Villaraigosa's decision gives Harris edge in US Senate race

SACRAMENTO, Calif. (AP) — Attorney General Kamala Harris' carefully orchestrated effort to create an air of inevitability about her run for the U.S. Senate received another boost when a second potential high-profile opponent announced he won't attempt a challenge.

Former Los Angeles Mayor Antonio Villaraigosa said Tuesday that he will not run to succeed the retiring Barbara Boxer in 2016, and Lt. Gov. Gavin Newsom said last month he would focus instead on a 2018 gubernatorial bid. Both men offered similar explanations about their hearts belonging in California, not Washington.

Villaraigosa had been cautiously exploring a run since Boxer's decision in early January to step down when her fourth term ends. Many backers believed he wouldn't be able to resist such a rare and coveted opportunity. But his decision now has some predicting a matchup with Newsom when Gov. Jerry Brown is termed out of office.

"He recognized his strengths, and his strengths are as an executive," said Sarah Reyes, who served four years with Villaraigosa in the California Assembly and considers him a close ally. "He's led the city of Los Angeles. He's led the legislative body of the Assembly. And in a governor's position, he would lead the state of California. In a U.S. Senate, he's going to be one of so many senators, and the makeup of the Senate now is one that is very difficult for Democrats."

Many political analysts had been anticipating an expensive, rough-and-tumble contest between Villaraigosa and Harris. Jack Pitney, a political science professor at Claremont McKenna College, said the former mayor probably understood that Harris would be hard to defeat.

"Villaraigosa is politically savvy," Pitney said. "One of his selling points was identity politics, but it's hard to win a contest of identity politics against an opponent who is female, black and Asian."

Harris has spent the past month generating endorsements from top Democratic leaders and influential interest groups such as the Los Angeles Police Protective League, which represents nearly 10,000 police officers. She is scheduled to be in Washington for a fundraiser this week and has focused on building the foundations of a strong campaign. Meanwhile, she has largely avoided taking questions from the press and talking about where she stands on political issues that will be important as the race progresses.

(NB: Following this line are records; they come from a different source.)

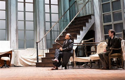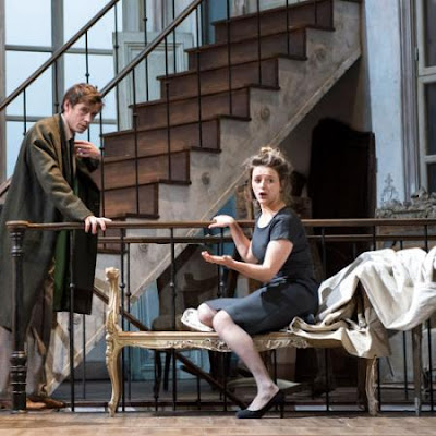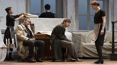 La mise en scène de Clément Hervieu-Léger se passe dans une sorte d’espace intermédiaire, le salon d’un hôtel particulier en cours de rénovation ou de déménagement. Il y règne une ambiance sombre de lieu mi-habité, avec ce piano dont Alceste joue parfois quand on tire le drap qui le recouvre.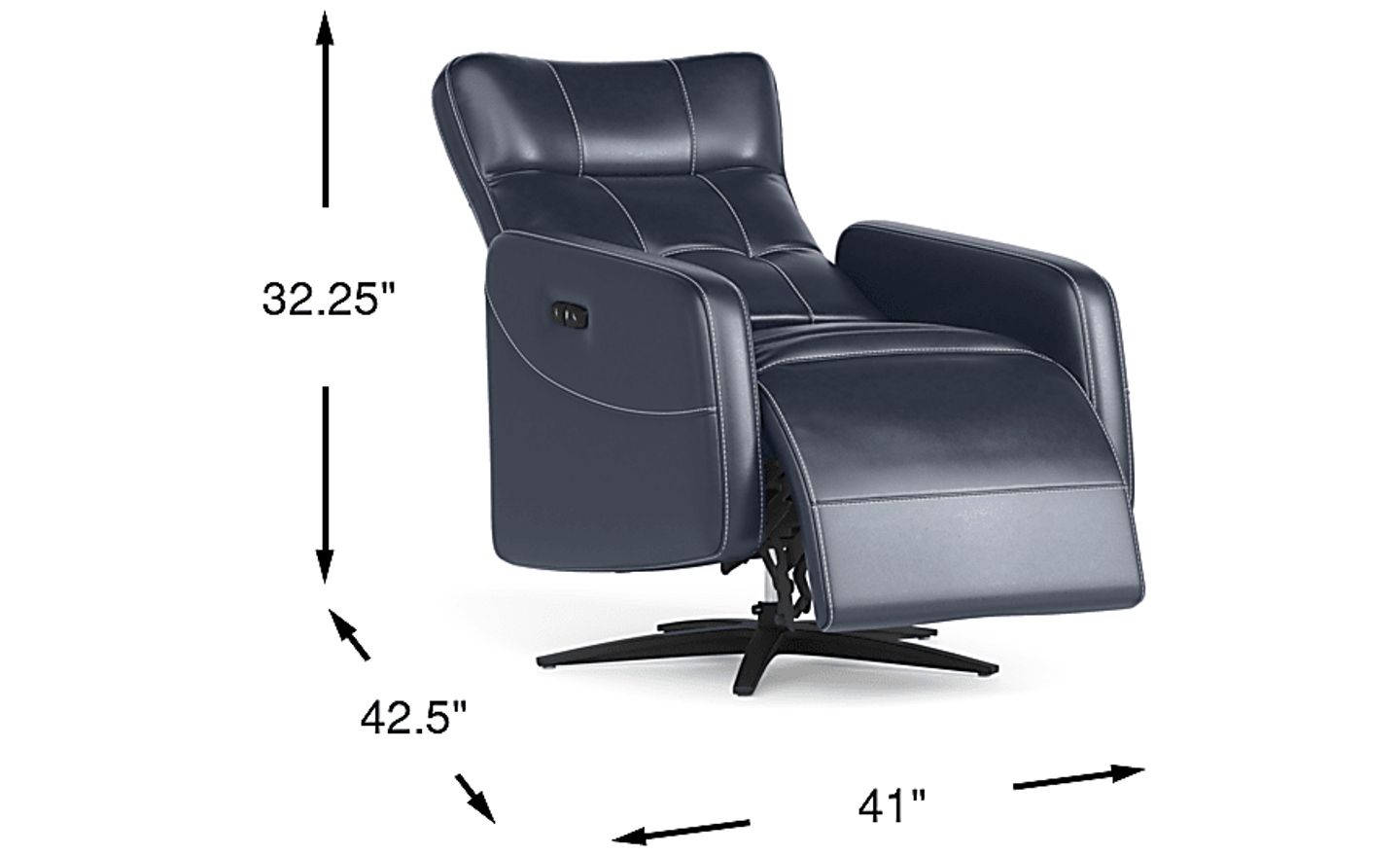 The peak of contemporary style and relaxation is closer than ever when the Weatherford Park recliner comes home. This inspired seat features a versatile blue fabric, all-around padding, and nuanced detailing like plush wedge arms, poised metal legs and top-stitched seams. This piece also features power reclining, with the footrest adjustable at the push of a button and a ratchet-style headrest for ultimate comfort. An included USB port keeps convenient charging close at hand. Upholstery: 100% polyester.
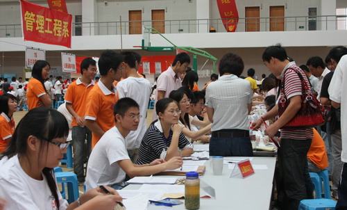 在新生報(bào)到點(diǎn)——行健館內(nèi),各系迎新工作有條不紊,專業(yè)介紹展臺(tái)依次排開;醫(yī)護(hù)人員認(rèn)真做好疾病防控教育,及時(shí)測量報(bào)到新生的體溫;學(xué)院多輛校車往返于學(xué)院與火車站、汽車、碼頭等地接送學(xué)生;學(xué)生志愿者在帶隊(duì)老師的帶領(lǐng)下分布各個(gè)站點(diǎn)熱情引導(dǎo)新生順利、有序入學(xué)。迎新期間,學(xué)院全體院領(lǐng)導(dǎo)多次視察新生報(bào)到現(xiàn)場,慰問迎新工作人員,了解新生報(bào)到情況,與學(xué)生家長交談,并巡視、指導(dǎo)、協(xié)調(diào)迎新工作;各相關(guān)部門充分準(zhǔn)備、精心組織,各項(xiàng)接待與服務(wù)工作井然有序。至下午5時(shí)許,學(xué)院2009級新生報(bào)到工作順利結(jié)束。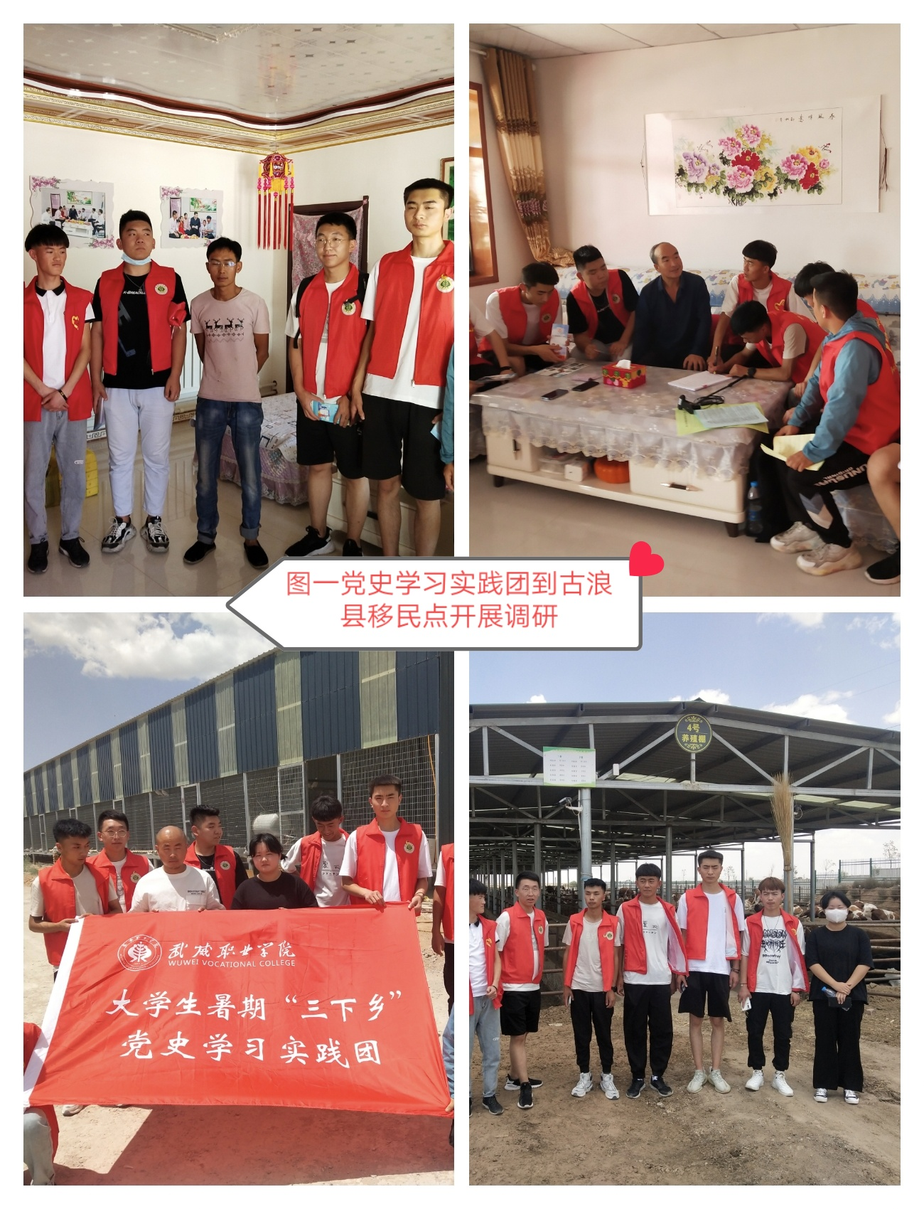 同學(xué)們來到了古浪縣黃花灘移民點(diǎn),在富民新村全國(guó)脫貧攻堅(jiān)先進(jìn)個(gè)人-富民新村黨支部書記張延堂給同學(xué)們進(jìn)行了講解,古浪縣支持貧困群眾自種自養(yǎng)發(fā)展產(chǎn)業(yè),打造移民區(qū)萬畝戈壁農(nóng)業(yè)、萬只種羊繁育、萬頭肉牛養(yǎng)殖、萬畝枸杞種植等高標(biāo)準(zhǔn)示范基地,全縣建成日光溫室1.4萬座2.8萬畝、養(yǎng)殖暖棚17.99萬座1079.4萬平方米,設(shè)施果蔬年產(chǎn)量達(dá)到6.5萬噸以上,牛、羊、雞、鴿存欄量分別達(dá)到6.95萬頭、202萬只、226萬只、9.1萬羽。來到李應(yīng)川家,新房子里溫煦如春。屋里依舊如2019年8月總書記來時(shí)來時(shí)那樣干凈整潔,唯一不同的是醒目地?cái)[了一幅習(xí)近平總書記的剪紙畫像。李應(yīng)川兒子給同學(xué)們講:“現(xiàn)在我家的養(yǎng)殖、種植都搞起來了,盼望著總書記還能來我家看看,嘗嘗我們自己家里產(chǎn)的新鮮羊肉?。ㄈ鐖D一)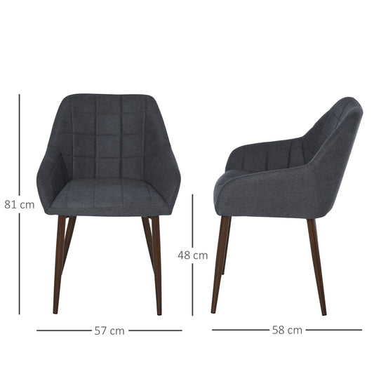 HOMCOM 2 Pcs Linen-Touch Fabric Dining Chair with Cushion, Backrest, Mid Back Leisure Chair with Steel Leg, Sponge Padded Armchair for Dining Room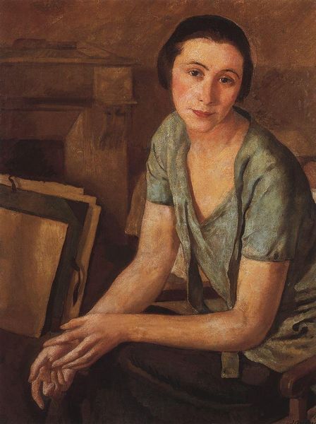 Editor: So, here we have Zinaida Serebriakova's "Portrait of E.I. Finogenova" from 1920, beautifully rendered with watercolor and possibly oil, it looks like. There's this serene, almost melancholic quality to her gaze, and a softness about the whole composition... what catches your eye? Curator: Ah, yes, Finogenova. Doesn’t she remind you of a pre-Raphaelite muse, transported to the stark realities of post-revolutionary Russia? Serebriakova painted this during a period of immense hardship, yet the painting whispers of intimacy and a quiet inner life. I'm struck by the cool palette, almost monastic, which somehow amplifies the warmth in her auburn hair. Have you noticed how the loose brushstrokes create this feeling of movement, of fleeting time? It’s a fragile beauty, don't you think? Editor: Absolutely. That fragility is palpable, especially given the historical context. It’s like Serebriakova is trying to preserve a sense of grace amid chaos. The lighting is incredible as well, really brings forward her complexion. Curator: Precisely. She captured that inner luminosity… almost as if painting the soul itself, right? And think about the power of that gaze. Where do you think she's looking? What’s she seeing? I find that question pulls me deeper and deeper into the painting. It invites speculation! Editor: A bit of hope maybe? A future beyond what's visible? I’m struck by how modern it feels, even though it's a hundred years old. Curator: Modern indeed! And to think, Serebriakova was often sidelined simply as a ‘portraitist.’ To me, that is a dismissal, or a terrible waste. With works like these, she wasn’t just painting faces; she was charting emotional landscapes, echoing the spirit of an era on the precipice of monumental change. What a witness. What an artist! Editor: It’s like the painting breathes with its own silent stories. Now I'm finding a wealth of personal experience behind her intimate style! Thank you so much for pointing that out. Curator: My pleasure entirely! Perhaps all art does, really, is offer a fleeting glance at the world through another’s eyes. A borrowed vision.
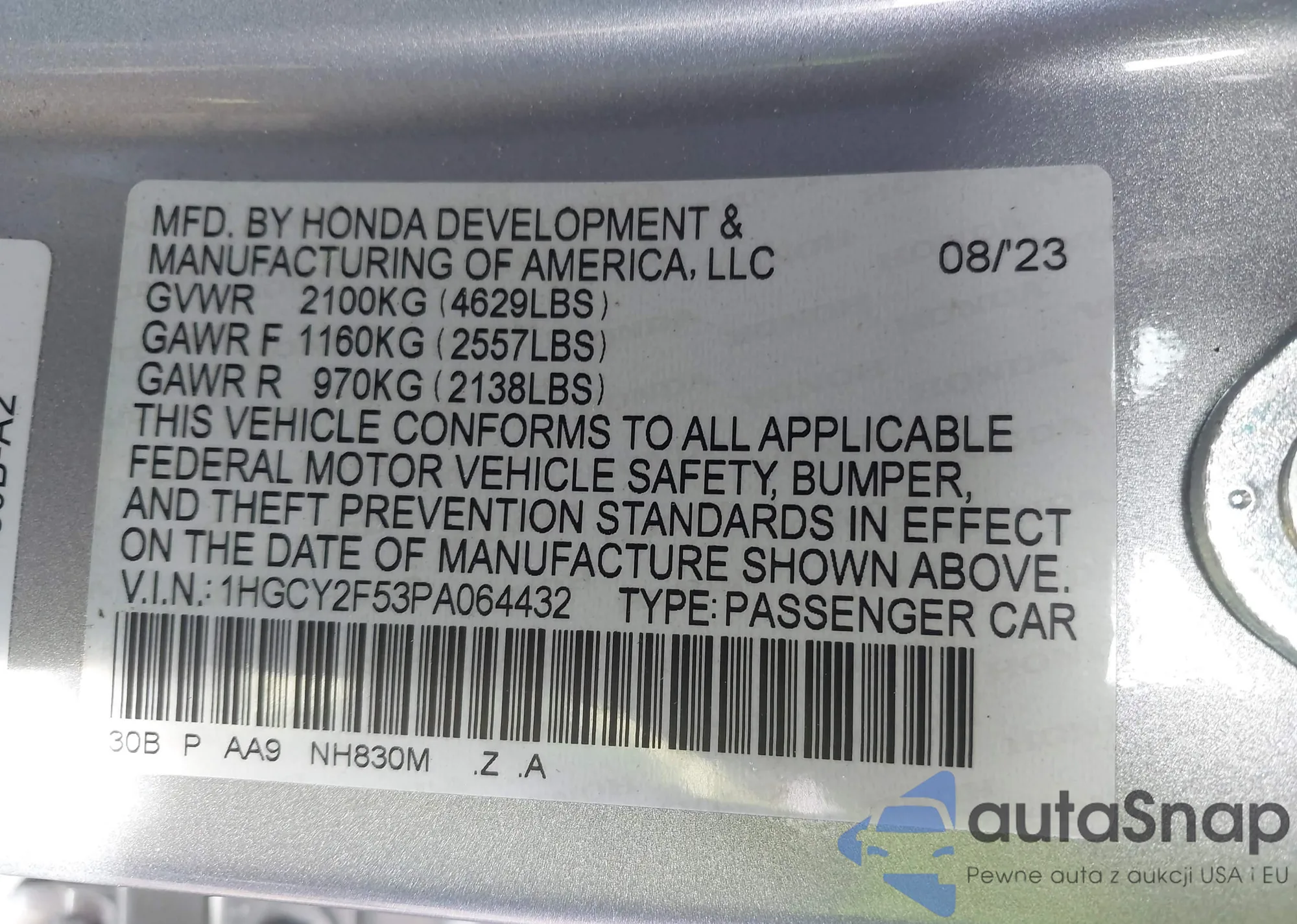 Автомобиль Honda Accord 2023 (VIN 1HGCY2F53PA064432) ранее не участвовал в торгах. Документы чистые, пробег соответствует или ниже среднего по рынку. Продаётся страховой компанией — рекомендуем покупку. Доставка в порт займет около 6–8 недель.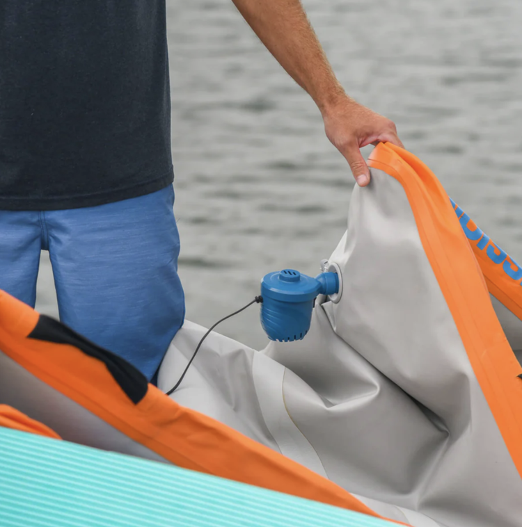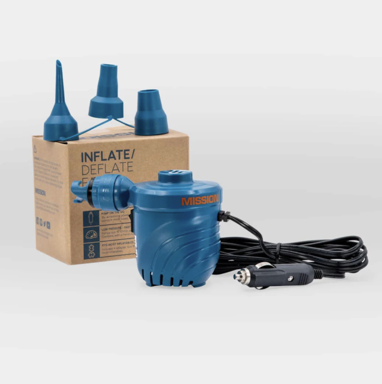 Deploy any inflatable with ease. Our low-pressure pump conveniently plugs into the 12v accessory power adapter (formerly known as the cigarette lighter) so you can inflate your REEF mat from the back of the boat. Our pump comes with a variety of nozzles so you can even inflate your glamping mattress with this thing! No matter what you are inflating, you can count on this pump to save you some backache.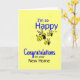 Congratulations on your New Home - I'm so Happy for you all text in blue and black with 3 cartoon bee's on a yellow background.

Though Harris is the prohibitive favorite, there are more than a dozen other potential contenders, and Villaraigosa's exit could open the door for a member of the House to challenge Harris. At least five representatives, including Southern California lawmakers Loretta Sanchez, Xavier Becerra and Adam Schiff, have voiced interest in the job.

Villaraigosa had a chance to become the state's first elected Hispanic senator, reprising his breakthrough when he became the first Latino to become Los Angeles mayor in more than a century.

Harris, a former San Francisco prosecutor who entered the race Jan. 13, could mark two firsts for a California senator — the state has never elected a black senator or one of Indian descent. She is the daughter of a black father from Jamaica and an Indian mother.